══ Data section

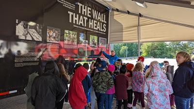 The Wall That Heals exhibit features a 3/4 scale replica of The Wall and a mobile education center designed to travel to communities throughout the country
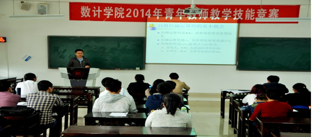 为提高青年教师的教学技能水平,搭建一个相互交流教学教育的平台。数计学院于4月25日在花溪校区GJ3415、3417举行了2014年青年教师教学技能竞赛,院党委书记戴雪梅、副书记孙谦、副院长夏小刚等多名老师出席了本次比赛并担任评委,部分学生代表参与了本次教学技能竞赛活动。本次教学技能竞赛分数学组、计算机教育组同时进行,比赛规则为15分钟授课、3分钟答辩,两方面综合考核,比赛开始前十分钟由参赛老师进行授课顺序的抽签。
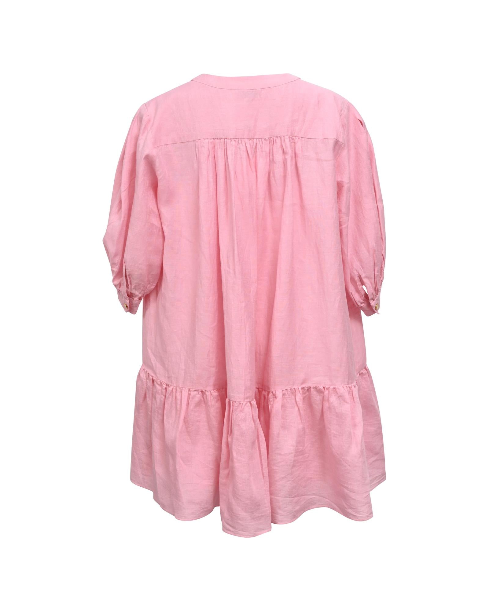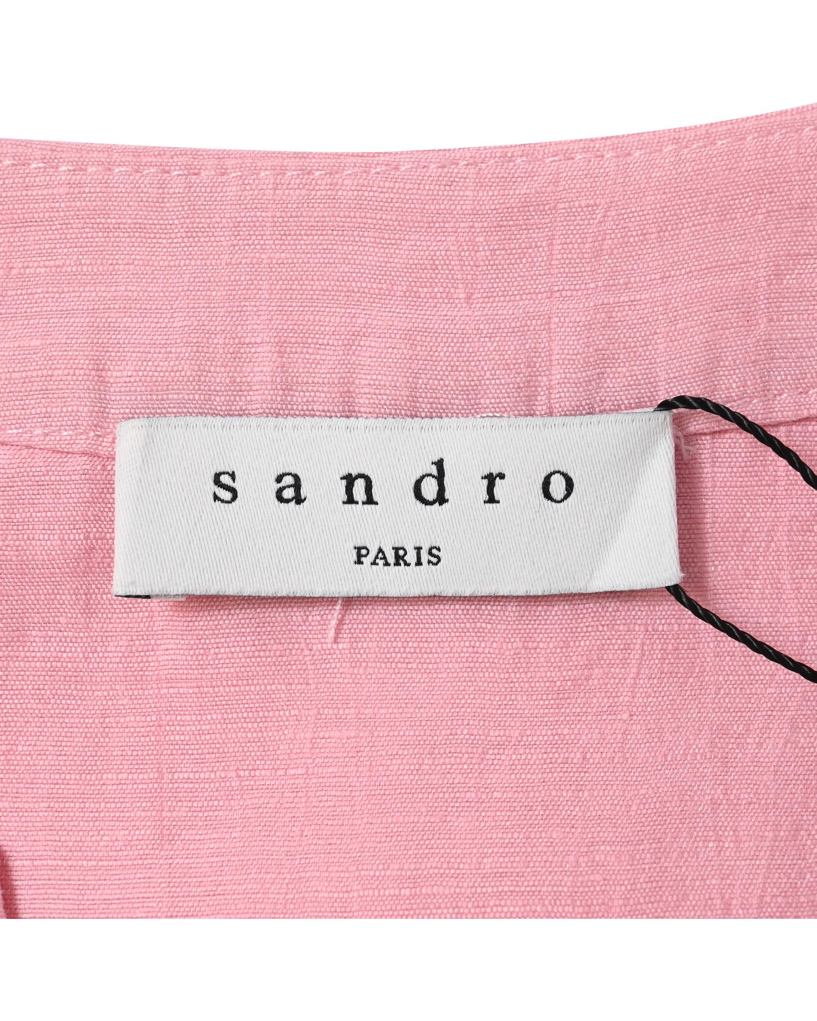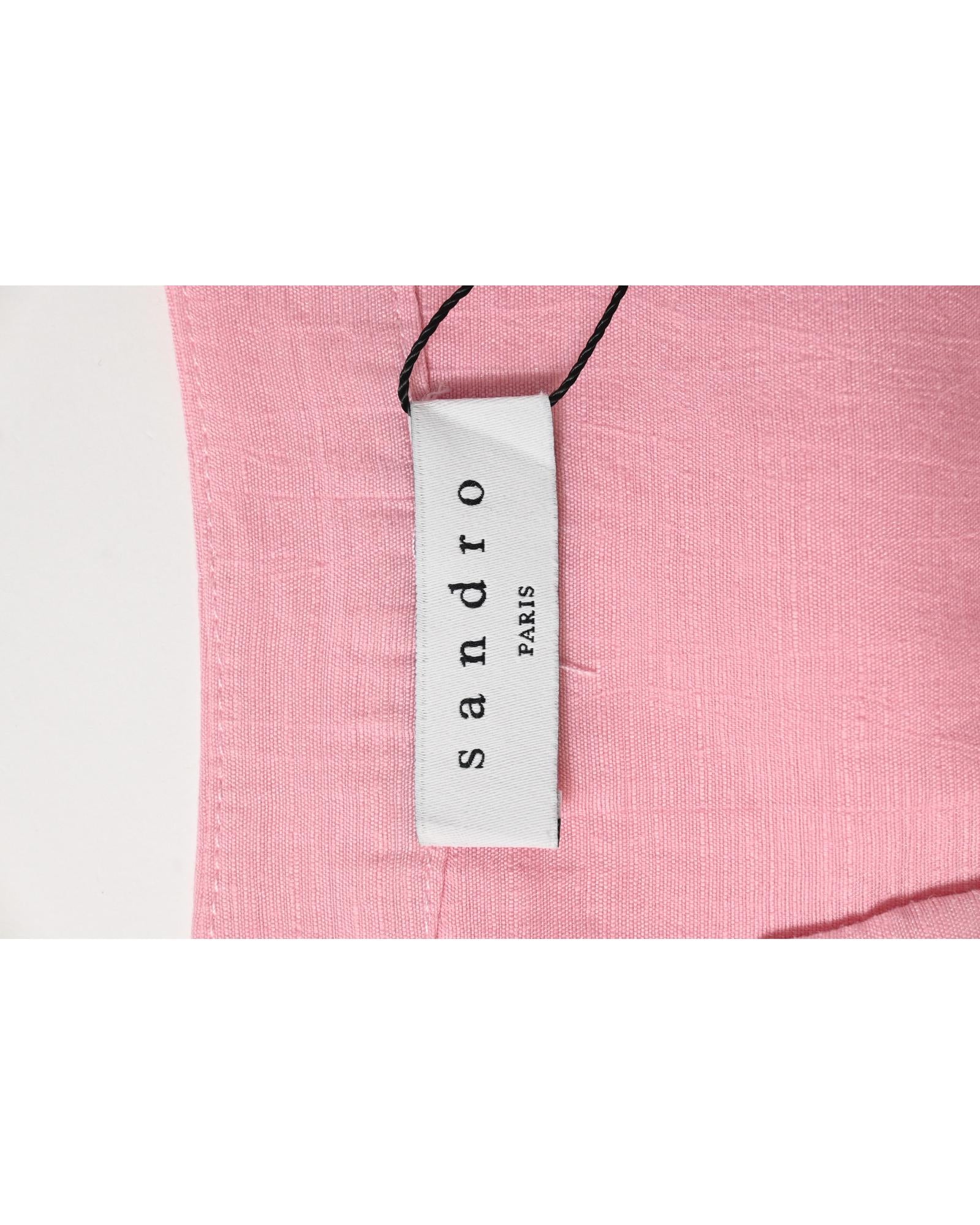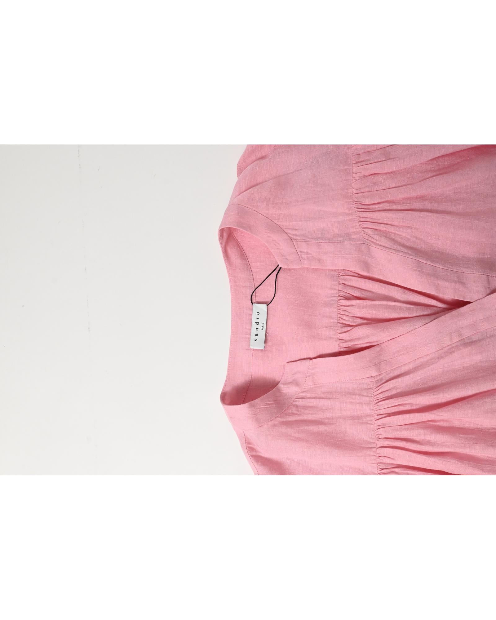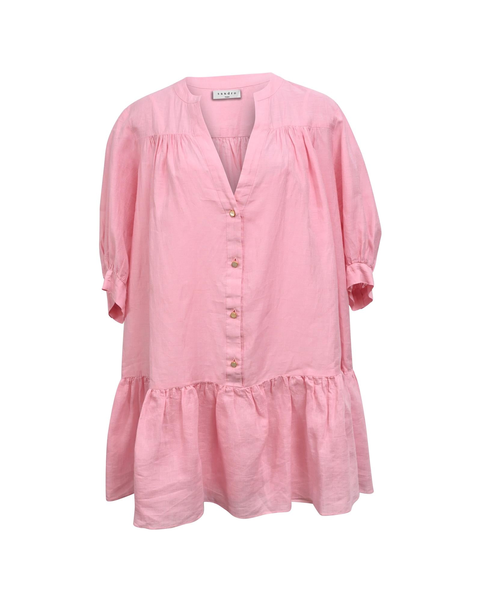 - Sandro Paris Buttoned Mini Flared Dress in Pink Linen

════

### [Requirement]
Each line above must be repeated exactly in the answer, with pictures omitted.

### [Result of this task]
 The Wall That Heals exhibit features a 3/4 scale replica of The Wall and a mobile education center designed to travel to communities throughout the country
 为提高青年教师的教学技能水平,搭建一个相互交流教学教育的平台。数计学院于4月25日在花溪校区GJ3415、3417举行了2014年青年教师教学技能竞赛,院党委书记戴雪梅、副书记孙谦、副院长夏小刚等多名老师出席了本次比赛并担任评委,部分学生代表参与了本次教学技能竞赛活动。本次教学技能竞赛分数学组、计算机教育组同时进行,比赛规则为15分钟授课、3分钟答辩,两方面综合考核,比赛开始前十分钟由参赛老师进行授课顺序的抽签。
 - Sandro Paris Buttoned Mini Flared Dress in Pink Linen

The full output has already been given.